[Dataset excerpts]
*** Block opens ***
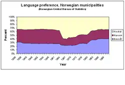 The Norwegian language conflict (Norwegian: målstriden, Danish: sprogstriden) is an ongoing controversy in Norwegian culture and politics related to the written versions of Norwegian. From 1536/1537 until 1814, Danish was the standard written language of Norway due to the union of crowns with Denmark, in which time the Danish Empire was founded. As a result, the overall form of chosen modern written Norwegian and its leaning towards or away from Danish underpins controversies in anti-imperialistic nationalism, rural versus urban cultures, literary history, diglossia (everyday dialects versus formal, standard language), spelling reform, and orthography.[1]
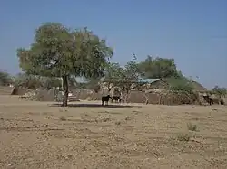 Dhani[1] (Hindi: ढाणी ḍhāṇī) or Thok[2] is a type of hamlet, the smallest conglomeration of houses, in the sandy Bagar region of the northwestern states of Rajasthan, Haryana and Punjab in India. Per the Census of India, 70% of Indians live in villages. 80% of the villages have a population of less than 1000 people and each consists of a cluster of hamlets (e.g. dhani, nesada, pada, bigha). Most dhanis are nucleated settlements, while others are more dispersed. A dhani could be as small as one isolated house for a single family or a small cluster of several houses which could grow in number with successive generations, and even become a village by itself. All families living in a dhani are relatives or at least are of the same caste. An isolated collection of several dhanis, which could be few hundred meters apart,[3] constitutes a gram panchayat village community.[4] A typical dhani in the arid zone of Rajasthan is a cluster of huts with a boundary (bara or बाड़ा) made of dried shrubs around it and with owners' livestock such as goats, sheep and camels inside the bara.[5][2][6][7][8][9][10] Dhani are atypically mud huts in Rajasthan. Houses in dani nowadays are made of modern brick and mortar, specially in affluent higher-per-capita-income states of Haryana and Punjab, and some richer families of Rajasthan.
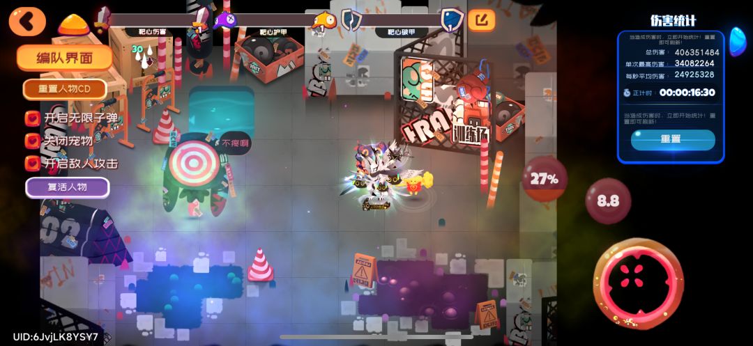 均选用晴天inf技能做测试,晴天技能攻速固定,选取一套技能打完的峰值数据
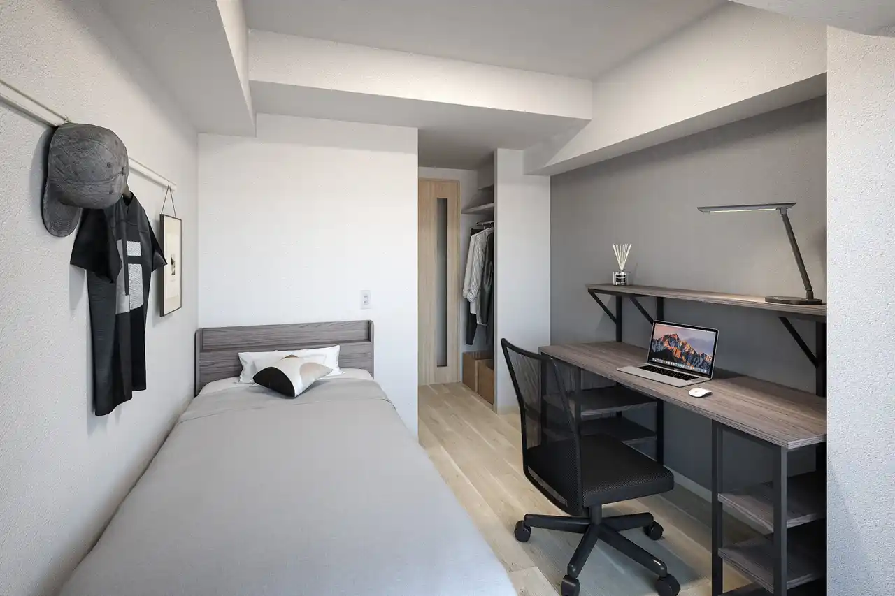 シャワーブース・トイレ付のマンションタイプをご用意。ベッドや2ドア冷蔵庫、洗濯機などの家具・家電に加え、Wi-Fiも完備。引っ越しの手間や費用を抑え、入居したその日から快適な新生活がスタートできます。 |
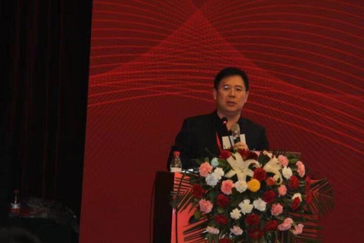 张汉伟在企业大会上发言。
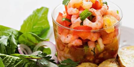 Koktajl z norweskich krewetek marynowanych w grejpfrutach, podawane z plastrami ziemniaków. Prosta i niecodzienna przystawka.
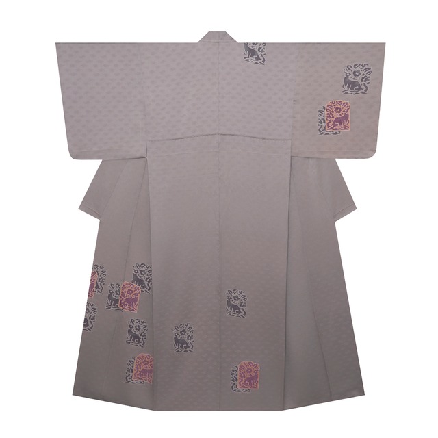 細かな地模様のある上質なちりめんの生地が淡いグレー・枯野色に染められ、中くらいの大きさの華文と十字の模様が鴇浅葱色で染められた、どこか格調高さのある小紋のお着物です。 一見、正倉院裂の文様のようにも見えたのですが、こちらは多ち花さんの創業者の方が、ヨーロッパに旅行された際に手に入れられた古い更紗の裂にインスパイアーされて起こされた柄のようで、「イタリア更紗」のタイトルが付けられています。 シンプルな繰り返しの模様のように見えますが、ひとつずつ摺り重ねて模様を染められ、それを色止めして摺り染めで地染めされているようで、とても手のかかったお着物のようです。 淡い色調がとても上品で、小紋のお着物でありながらも格の高さを感じられる、素敵なお着物となっています。 こちらのお着物ですと、綴れ織やすくい織などのポイント柄の帯を合わされたり、名物裂的な模様や有職文様などの帯を合わされたり、間道や吉野格子などの帯を合わされたりすると良いと思います。 お茶のお席や和のお稽古の会などにお召しになるのも良いでしょうし、お食事の会や観劇、美術鑑賞、音楽鑑賞などにお召しになるのも良いと思います。 爽やかで上品なお着物ならではの華やかさが魅力的で、とても落ち着きのある素敵な、大変おすすめの一点です。 【お品物につきまして】 リサイクル品で良い状態でしたが、とても特殊な寸法であったため、お仕立て替えをいたしました。 地の色は枯野色「和色大辞典 #d3cbc6」https://www.colordic.org/colorsample/d3cbc6 模様の色は鴇浅葱(ときあさぎ)「和色大辞典 #cc9893」https://www.colordic.org/colorsample/cc9893 をご参照下さい。 ◆サイズ 身丈:169 cm /4 尺 4 寸 7 分 裄丈:69 cm /1 尺 8 寸 3 分 袖丈:49.5 cm /1 尺 3 寸 1 分 前巾:24.2 cm /6 寸 4 分 後巾:30 cm /7 寸 9 分 衽巾:15 cm /4 寸 0 分 褄下:81.5 cm /2 尺 1 寸 6 分 袖巾:35 cm /9 寸 3 分 ◆詳細 状態:お仕立て替え済 付属品:なし ◆商品コード:2020000045519
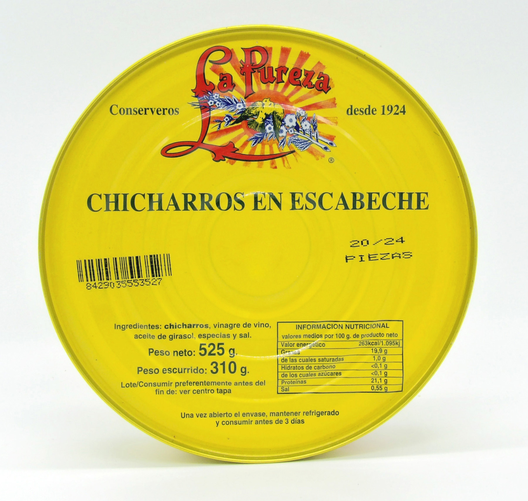 Ingredientes: Chicharro,vinagre, aceite de girasol, especias y sal.
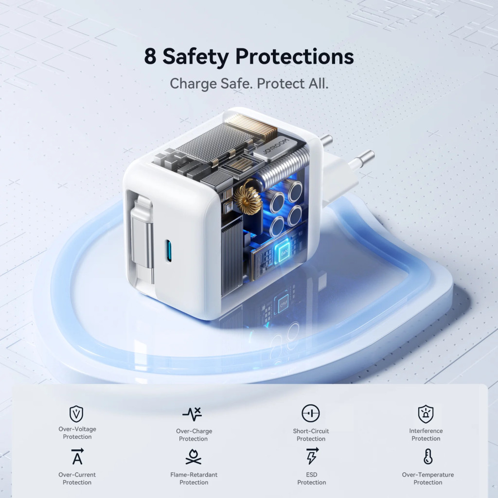 A Joyroom JR-TCL06 töltő egy innovatív megoldás, amely ötvözi a hatalmas teljesítményt, a modern GaN technológiát és a beépített USB-C kábel kényelmét. 67W-os teljesítménnyel gyorsan feltölt a laptopokat, táblagépeket és okostelefonokat – a MacBook Airt pedig mindössze 30 perc alatt akár 50%-ra. A beépített, 70 cm-es, visszahúzható mechanizmussal ellátott kábelt több mint 30 000 alkalommal tesztelték, biztosítva a tartósságot és a kényelmes használatot. A kettős GaN lapkakészlet minimalizálja a hőfelhalmozódást és növeli a biztonságot, míg nyolc beépített védelmi rendszer védi az eszközöket a túlfeszültségtől, a túltöltéstől és a rövidzárlattól. A töltő támogatja a legnépszerűbb gyorstöltési protokollokat (PD3.0, QC5.0, QC4.0+, PPS, UFCS és egyebek), így univerzális megoldás laptopokhoz, okostelefonokhoz és táblagépekhez. A visszahúzható csatlakozóval ellátott kompakt kialakításnak köszönhetően a JR-TCL06 ideális otthoni, irodai és utazási célokra.
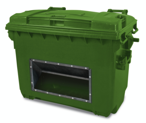 "title": "Bac pour produits d'épandage avec ouverture pour retrait",
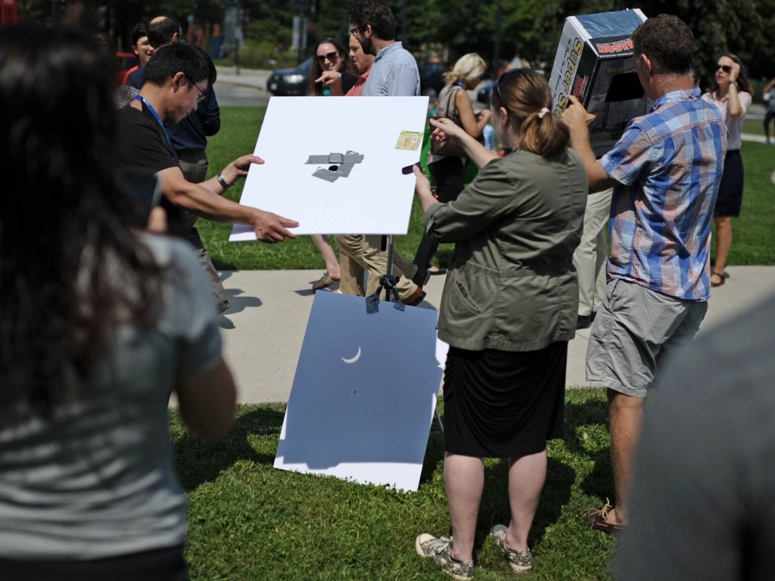 At Roshambo ArtFarm in Sheridan, Oregon, people aimed their cameras at the sky a few minutes before 10 am, as the moon slowly ate into the sun.
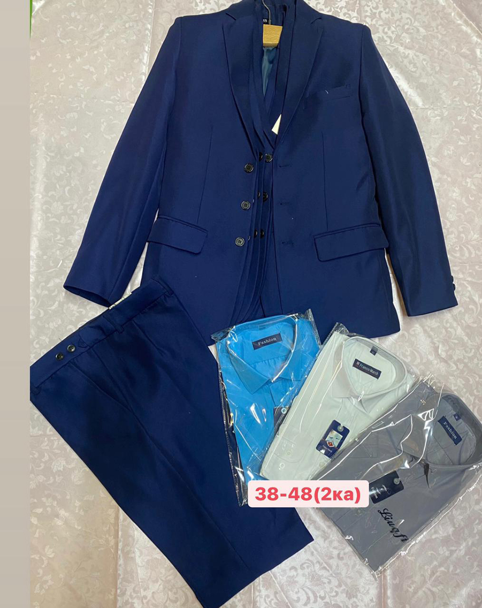 Описание: Костюм-двойка подростковый для мальчика, однотонный темно-синего цвета, состоит из: пиджака и брюк. Пиджак застегивается на трех пуговицах. Брюки с карманами и шлевками для ремня. Брюки с регулятором размера.
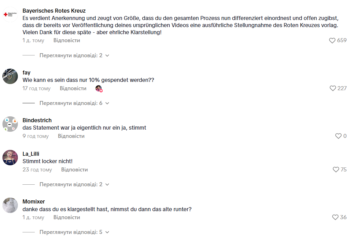Відео спричинило хвилю обурення серед користувачів TikTok. Багато людей почувалися ошуканими. "Червоний Хрест", своєю чергою, швидко відреагував на критику, опублікувавши заяву у TikTok. Організація пояснила систему роботи з пожертвуваним одягу.
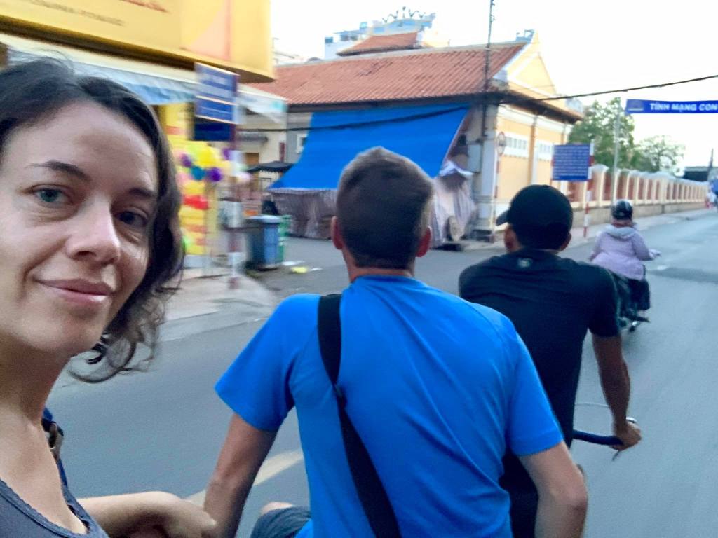 On nous dépose à l’entrée de la ville de Chau Doc, et nous devons finir à pied le trajet jusque l’hôtel ! Au Vietnam les bus ont tendance à déposer les touristes un peu n’importe où…
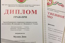 Поздравляем ученицу 10-го класса Мусину Дину, обладательницу ГранПри Первого республиканского творческого конкурса детских коллективов " В созвездии А.С.Пушкина и Г.Тукая". Молодец, Дина! Так держать!
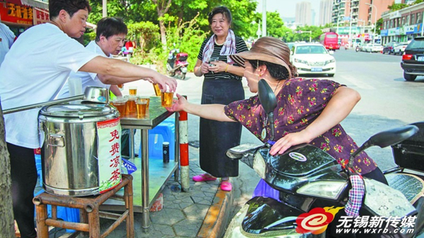 During July's scorching heat, one retired party member has been handing out herbal tea to local citizens as an act of good will. The group estimates giving out more than 800 cups of the refreshing drink every day.
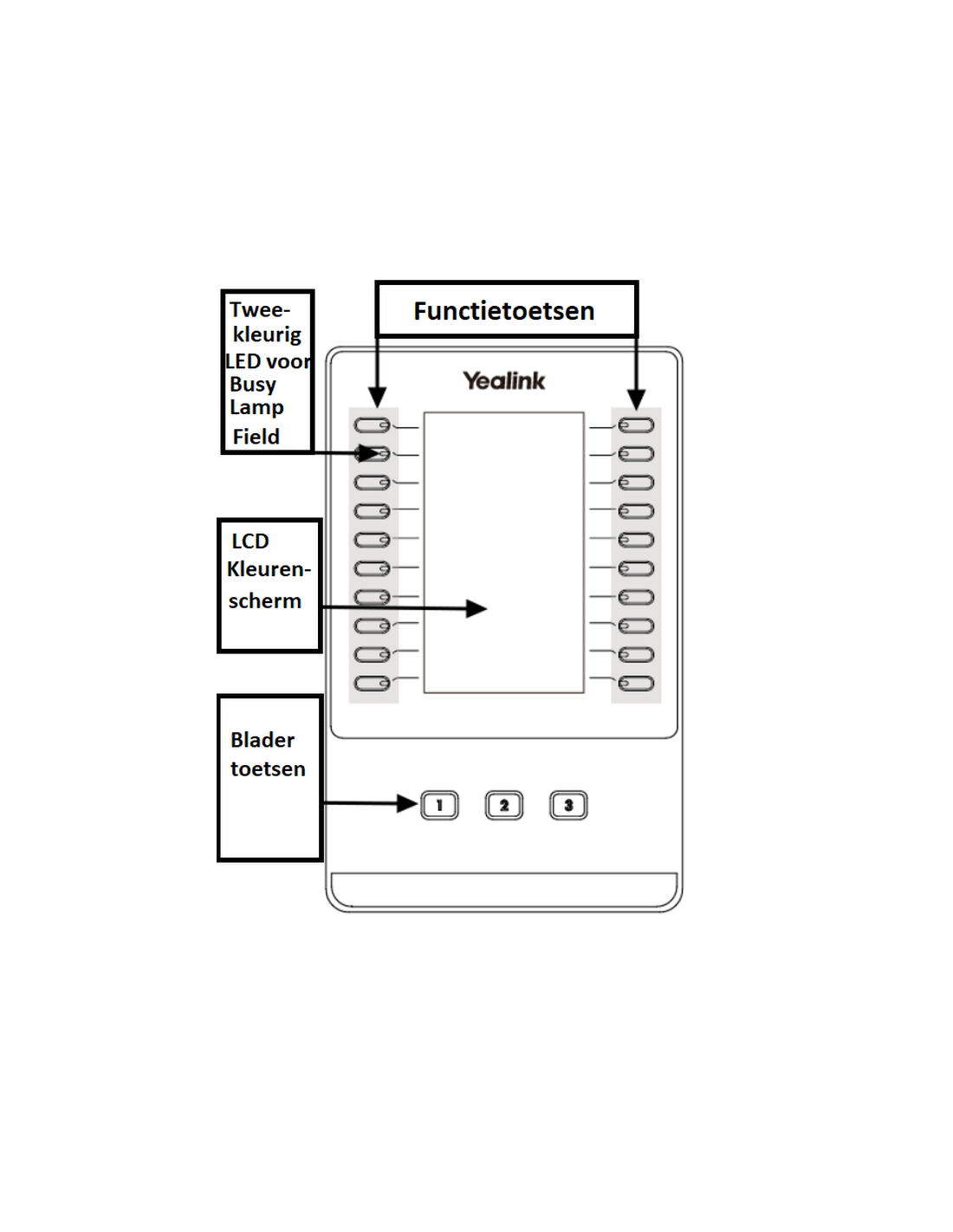 - Handig: te programmeren voor o.a. snelkiezen (speeddial), call pickup, intercom, hold, transfer, voicemail, forward, DND, etc.
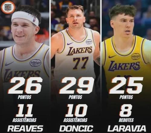 东契奇贡献29分11板10助三双,里夫斯26分11助两双到手,拉拉维亚25分进账,合计80分。
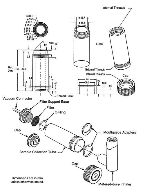 consists of a filter support base with an open-mesh filter support, such as a stainless steel screen, a collection tube that is clamped or screwed to the filter support base, and a mouthpiece adapter to ensure an airtight seal between the collection tube and the mouthpiece. Use a mouthpiece adapter that ensures that the opening of the inhaler mouthpiece is flush with the front face or 2.5-mm indented shoulder in the sample collection tube, as appropriate. The vacuum connector is connected to a system comprising a vacuum source, flow regulator, and flowmeter. The source should be capable of pulling air through the complete assembly, including the filter and the inhaler to be tested, at the desired flow rate. When testing metered-dose inhalers, air should be drawn continuously through the system to avoid loss of drug into the atmosphere. The filter support base is designed to accommodate 25-mm diameter filter disks. At the airflow being used, the sample collection tube and the filter disk must be capable of quantitatively collecting the Delivered Dose. The filter disk and other materials used in the construction of the apparatus must be compatible with the drug and the solvents that are used to extract the drug from the filter. One end of the collection tube is designed to hold the filter disk tightly against the filter support base. When assembled, the joints between the components of the apparatus are airtight so that when a vacuum is applied to the base of the filter, all of the air drawn through the collection device passes through the inhaler.
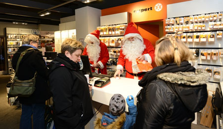 Der er tradition for en god julehandel - med overraskelser...Mikkel Skot-Hansen nævner, at kirkekoret synger julen ind i butikkerne og KFUM Spejderne sælger æbleskiver på Nexø Torv, Skt. Georgsgilde har tombola på torvet og der er ildshow med gøglertruppen Trup Ting Tang.
*** Block closes ***
ABOUT THIS TASK
Leaving pictures out, output the lines of the data above from the one with "A Joyroom JR-TCL06" through the one with "Описание: Костюм-двойка подростковый", word for word.

FINAL ANSWER
 A Joyroom JR-TCL06 töltő egy innovatív megoldás, amely ötvözi a hatalmas teljesítményt, a modern GaN technológiát és a beépített USB-C kábel kényelmét. 67W-os teljesítménnyel gyorsan feltölt a laptopokat, táblagépeket és okostelefonokat – a MacBook Airt pedig mindössze 30 perc alatt akár 50%-ra. A beépített, 70 cm-es, visszahúzható mechanizmussal ellátott kábelt több mint 30 000 alkalommal tesztelték, biztosítva a tartósságot és a kényelmes használatot. A kettős GaN lapkakészlet minimalizálja a hőfelhalmozódást és növeli a biztonságot, míg nyolc beépített védelmi rendszer védi az eszközöket a túlfeszültségtől, a túltöltéstől és a rövidzárlattól. A töltő támogatja a legnépszerűbb gyorstöltési protokollokat (PD3.0, QC5.0, QC4.0+, PPS, UFCS és egyebek), így univerzális megoldás laptopokhoz, okostelefonokhoz és táblagépekhez. A visszahúzható csatlakozóval ellátott kompakt kialakításnak köszönhetően a JR-TCL06 ideális otthoni, irodai és utazási célokra.
 "title": "Bac pour produits d'épandage avec ouverture pour retrait",
 At Roshambo ArtFarm in Sheridan, Oregon, people aimed their cameras at the sky a few minutes before 10 am, as the moon slowly ate into the sun.
 Описание: Костюм-двойка подростковый для мальчика, однотонный темно-синего цвета, состоит из: пиджака и брюк. Пиджак застегивается на трех пуговицах. Брюки с карманами и шлевками для ремня. Брюки с регулятором размера.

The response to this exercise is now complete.